Ribollita

ribollitqIt’s officially winter. Soup weather, no matter where you live. Cozying up with a warm crock of delicious soup on a cold winter day makes it feel like its a nice thing that it is so bitter and cold outside (I am speaking to you who are gazing at the snow and ice outside your window right now, and thinking how nice it would be on a balmy beach). There is almost nothing I enjoy more on a cold winter day than a bowl of Ribollita, which is an Italian (Tuscan, actually) vegetable stew that is characterized by its use of kale (it also happens to be vegan). The vegetables are rich and flavorful while being soft, but not mushy. This comes from the long slow cooking process (it’s done over 2 days, making it perfect for a time when you are socked in).

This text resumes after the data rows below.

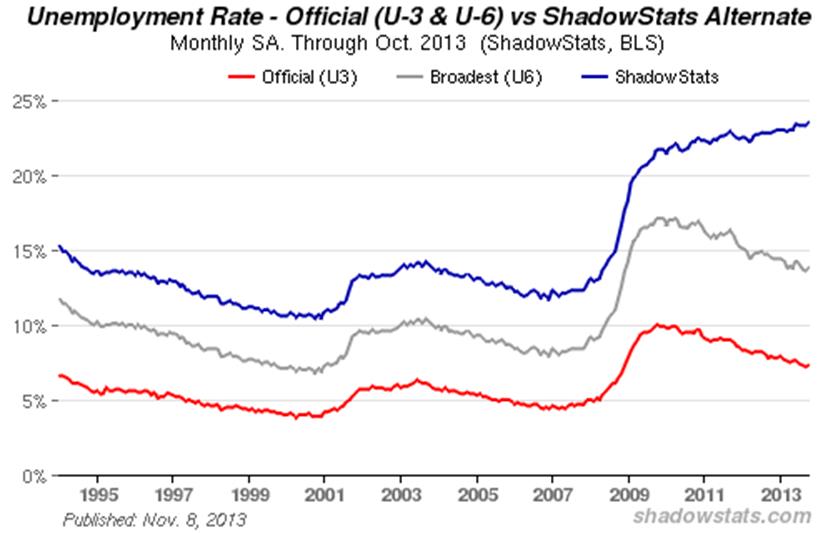 The following graph reflects headline October 2013 U.3 unemployment at 7.3%, up from 7.2% in September; U.6 unemployment at 13.8% in October, versus 13.6% in September, and the ShadowStats measure at a series high of 23.5% in October, up from 23.3% in September.
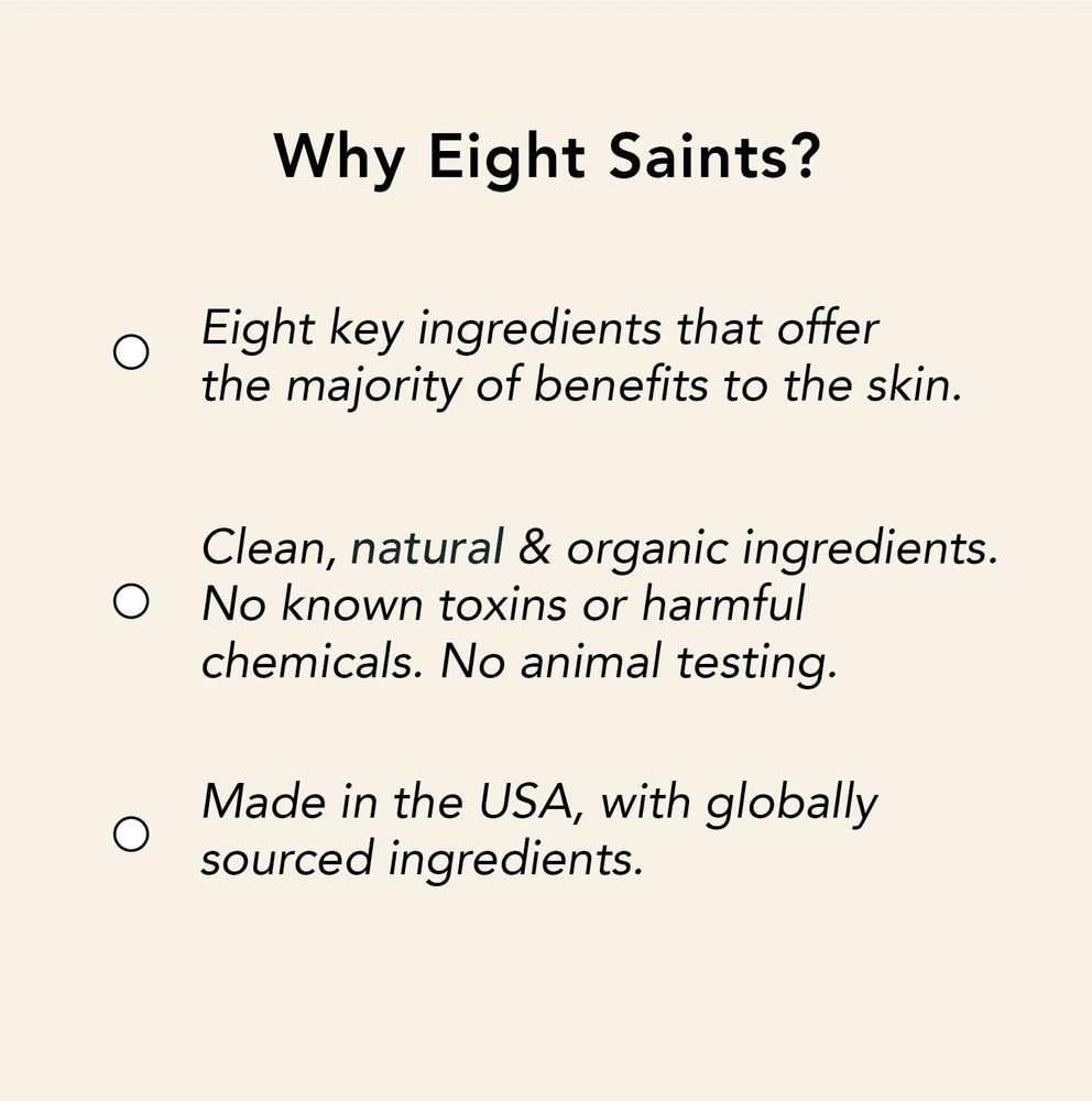 Eight Saints Retinol Eye Cream, Natural & Organic, For Smoothing Fine Lines and Wrinkles and Improve Skin Tone, 0.5 Ounces Product Details Brand: Eight Saints Item Volume: 0.5 Fluid Ounces Age Range (Description): Adult Active Ingredients: Hyaluronic Acid, hyaluronic_acid, vitamin_e Skin Type: All Package Dimensions : 3.66 x 2.36 x 1.97 inches; 0.5 ounces UPC : Manufacturer : Eight Saints Best Sellers Rank: #7,614 in Beauty & Personal Care (See Top 100 in Beauty & Personal Care) #54 in Eye Treatment Creams #54 in Eye Treatment Creams Customer Reviews: 4.8 4.8 out of 5 stars 681 ratings Retinol penetrates deep under the skin to stimulate collagen production to smooth out crows feet and fine lines. This eye cream speeds up cell turnover to fade dark circles and improves skin elasticity for a tighter, more youthful appearance. Hyaluronic acid rehydrates tired eyes, while green tea soothes irritation for a calm, revitalized look. For all skin types. A lightweight eye cream absorbs quickly and can be layered with serums and moisturizers for additional anti aging benefits. Unscented and fragrance free for maximum retinol efficacy. Key natural & organic ingredients include retinol, hyaluronic acid, Vitamin B5 and green tea. Cruelty free. Fragrance free. Made in Maine, USA with love from globally sourced ingredients. We're all about providing truth and clarity in natural, effective skincare. In a crowded market with over-hyped miracle ingredients, we found most ingredients don't produce results. We drilled down to 8 key ingredients that generated the majority of the benefits for your skin: Our "Eight Saints". Worry Free Return Policy: Try Eight Saints anti aging retinol eye cream worry free with our 30 day return policy. If a product doesn't work for you, contact us and we'll happily refund you!
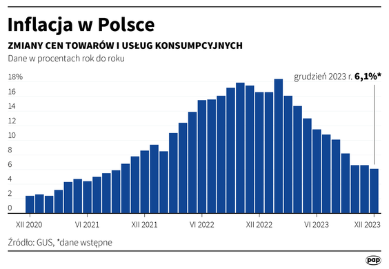 Wskaźnik cen konsumpcyjnych, główna miara inflacji w Polsce, wzrósł w grudniu o 6,1 proc. rok do...
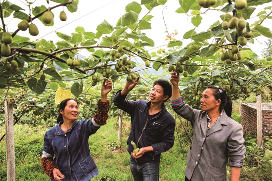 两年前,山高路远的岐山村还是省定贫困村。脱贫攻坚决战中,六米多宽的奔康大道修到岐山村下的王场。山区脱贫要奔康,关键还在“领头羊”。镇党委大胆启用大学生村干部上山担任村支书,又动员走出岐山的能干人回乡当上村主任。稳住传统的高山茶叶,转型适宜当地地理气候的猕猴桃,岐山短短数年的变化实实在在。海拔近千米的气候、绿色的生态环境,岐山猕猴桃早早就被成都的客商“盯上了”,从去年开始就没有担心过销路。村主任王正海介绍,自家的30多亩猕猴桃今年挣个40余万元没问题,村民自己精心打理的果园,每亩的效益还要高一些。
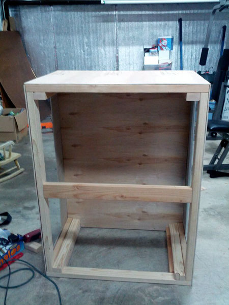 - Заднюю стенку, верх и боковые части оббейте фанерой, вырезанной по соответствующим параметрам.
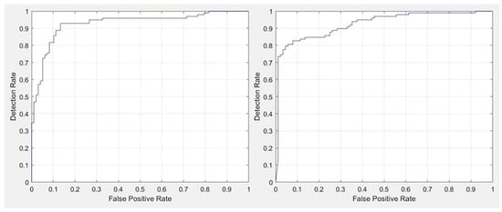(Left) areas under the curve at receiver operating characteristic analysis for COVID-19 versus negative and (Right) for COVID-19 versus community-acquired pneumonia in the cross-validation phase.
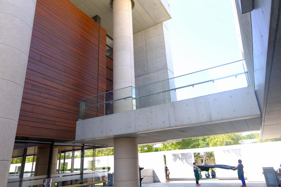 兩道清水混凝土牆被安置於園區與停車場之間,每道清水混凝土牆上有間隔相當的開口,但是兩道牆的開口互相等距交錯,所以因為角度的關係,近看無法看穿
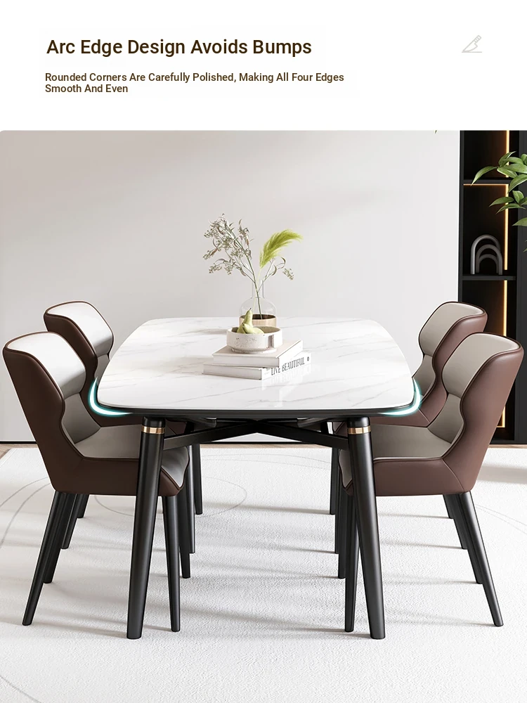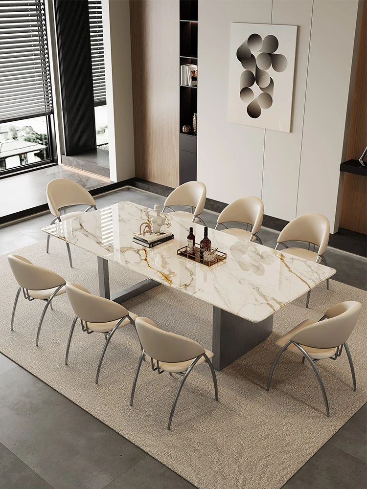 Elegant Rectangular Dining Table for Stylish Homes - Premium Quality Stone Surface, Perfect for Open Kitchens and Dining Rooms, Complete with Matching Chairs for a Luxurious Dining Experience.
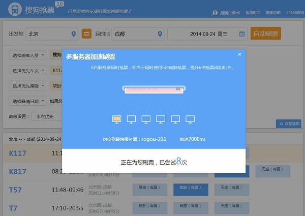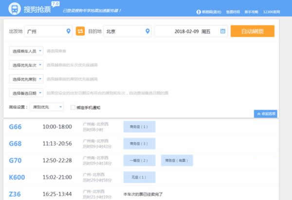 一鍵預約 - 你預約·我們搶搜狗全自動離線搶票幫你回家團圓
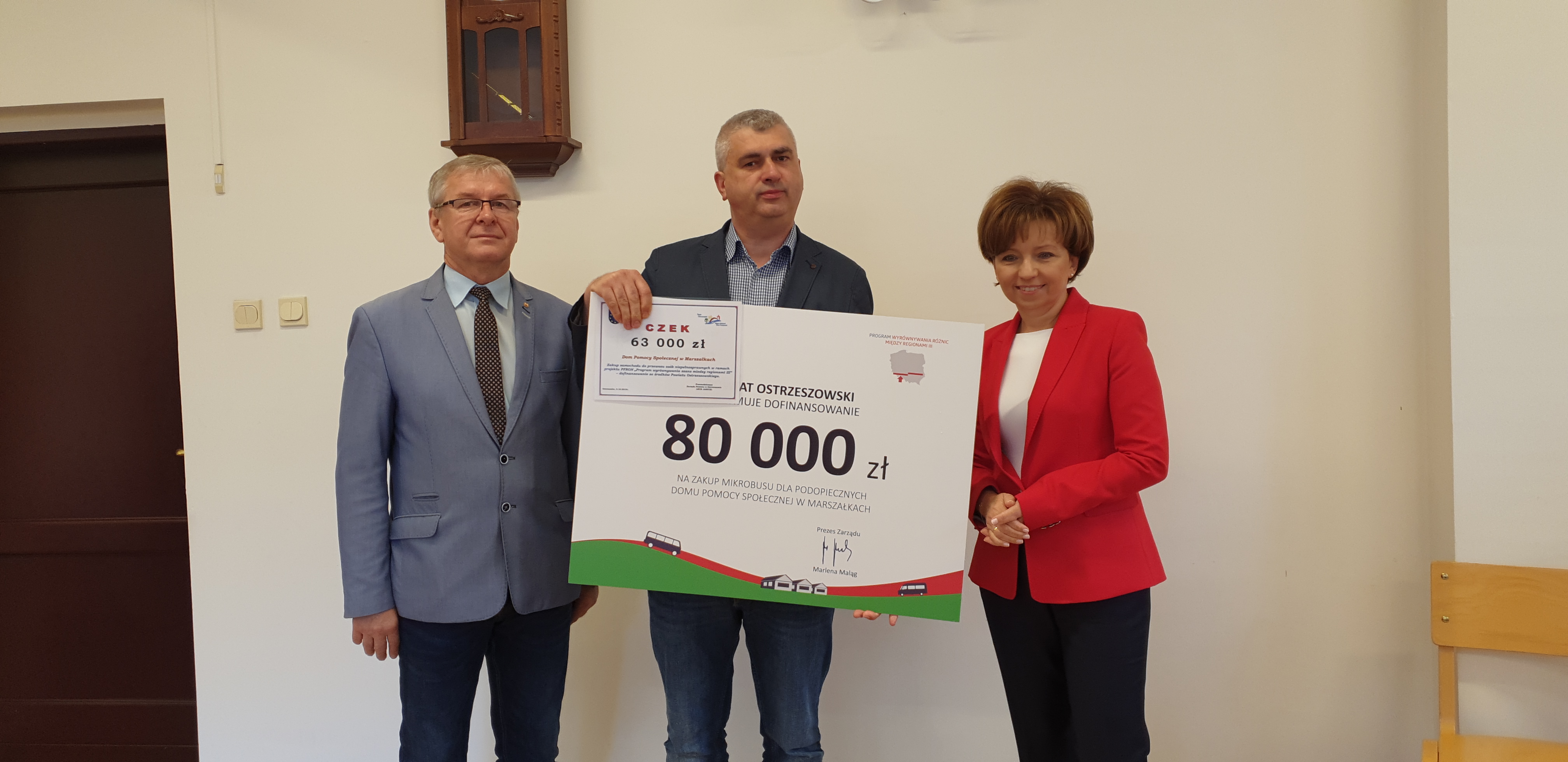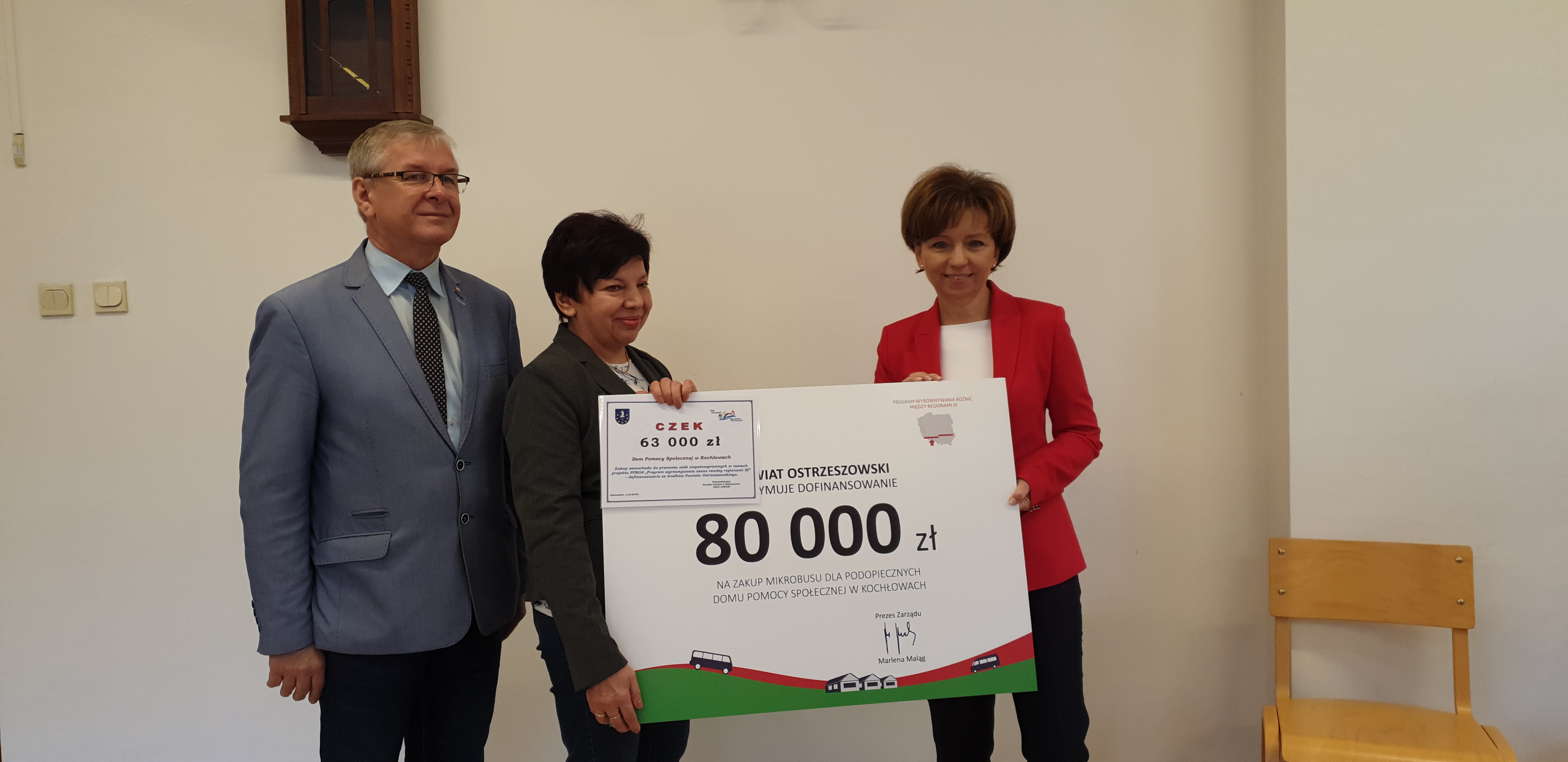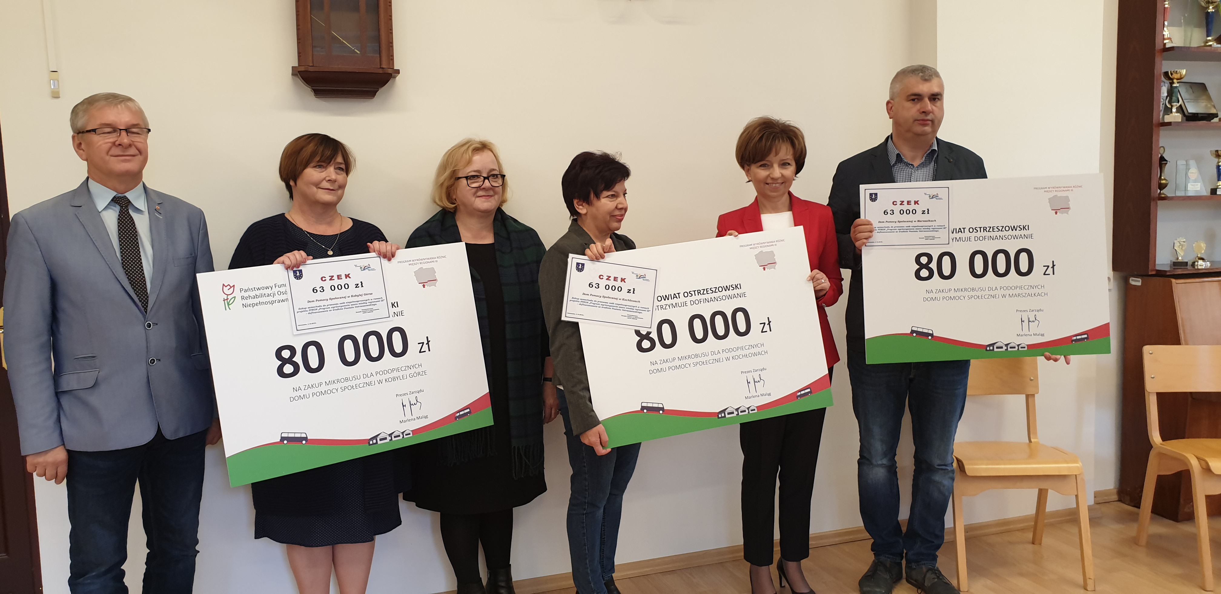 Dzięki 240 tys. zł przekazanym przez PFRON mieszkańcy powiatu ostrzeszowskiego w Wielkopolsce otrzymają trzy 9-osobowe mikrobusy. Symboliczne czeki przekazała dziś na ten cel prezes zarządu PFRON Marlena Maląg.

Ribollita means re-boiled n Italian, which refers to the twice-cooked nature of the stew. It also includes creamy cannellini beans and a little bread for depth and crunch, and it is finished with a drizzle of olive oil. It actually might be the best vehicle for consuming olive oil that I have found. I have been known to keep re-drizzling as I munch my way through my bowl. You won’t believe how good your kitchen smells when you make it! If you grow your own kale (which is pretty easy), you may or may not know that a cold snap actually makes the leaves sweeter and more delicious. The same is true for carrots and cabbage, by the way, which also make an appearance in this dish. The kale in the markets now is gorgeous, and I have a preference for Italian kale, which is sweeter and more tender and has flatter, less curly leaves. Some other names for this wonderful item are Cavolo Nero, lacinato kale and dinosaur kale.

 

Ribollita
Beans:
1 lb. dried cannellini beans (these are medium sized dried white beans)
8 cups water
2 tbsp extra virgin olive oil
3 cloves peeled crushed garlic
6-8 fresh sage leaves
Salt and pepper
Soup / stew:
1/2 cup extra virgin olive oil, divided, plus more for serving
1 large yellow onion, finely chopped
5 carrots, peeled and thickly sliced
2 ribs celery, trimmed and thickly sliced
2 Idaho potatoes, peeled and thickly sliced
1 large bunch of Swiss chard, trimmed and coarsest chopped
1 large bunch of italian kale (use curly kale if you can’t find italian kale), trimmed and coarsely chopped
1/2 small Savoy cabbage, trimmed and coarsely chopped (if necessary, you can use 1/2 of a Napa cabbage in place of the Savoy cabbage)
1 14 ounce can diced tomatoes
2 thick slices day old country white bread ( it should be a bit dry and stale)
Salt and pepper to taste
1. Cook the beans: put the beans, water, garlic, sage and olive oil into your slow cooker and cook on low for 8 hours or until tender. Season to taste with salt and pepper. Reserve 2 cups of the cooked beans and purée the remaining beans and cooking liquid. Set aside. (If you don’t have a slow cooker, see alternate method for cooking beans below*)
2. Heat 1/4 cup of olive oil in a large Dutch oven over medium low heat. Add onion and cook until soft (15-20 minutes). Then add carrots, celery, potato, Swiss chard, kale, and cabbage and stir. Add tomatoes, stir, and cover.  Cook until all the greens are wilted, 20-30 minutes.
3. Add the puréed bean liquid and simmer covered for about an hour. Add bread and reserved beans, stir gently, and cook on low, covered for another 15 minutes. Season to taste with salt and pepper, and then refrigerate, covered, overnight.
4. THE NEXT DAY: preheat oven to 375. cook soup in an oven proof casserole or Dutch oven, uncovered, for 40 minutes, stirring occasionally.  Then cook another 30 minutes without stirring. Serve and pass with olive oil on the side.
* alternate method for cooking the beans:
Soak beans in water for 4 to 10 hours (you could do this overnight). Drain and cook in 11 cups of water, Sage, garlic, and olive oil. Bring a boil and then simmer on low for simmering for 2 to 3 hours until tender. Seasoned salt and pepper and continue on with the recipe above.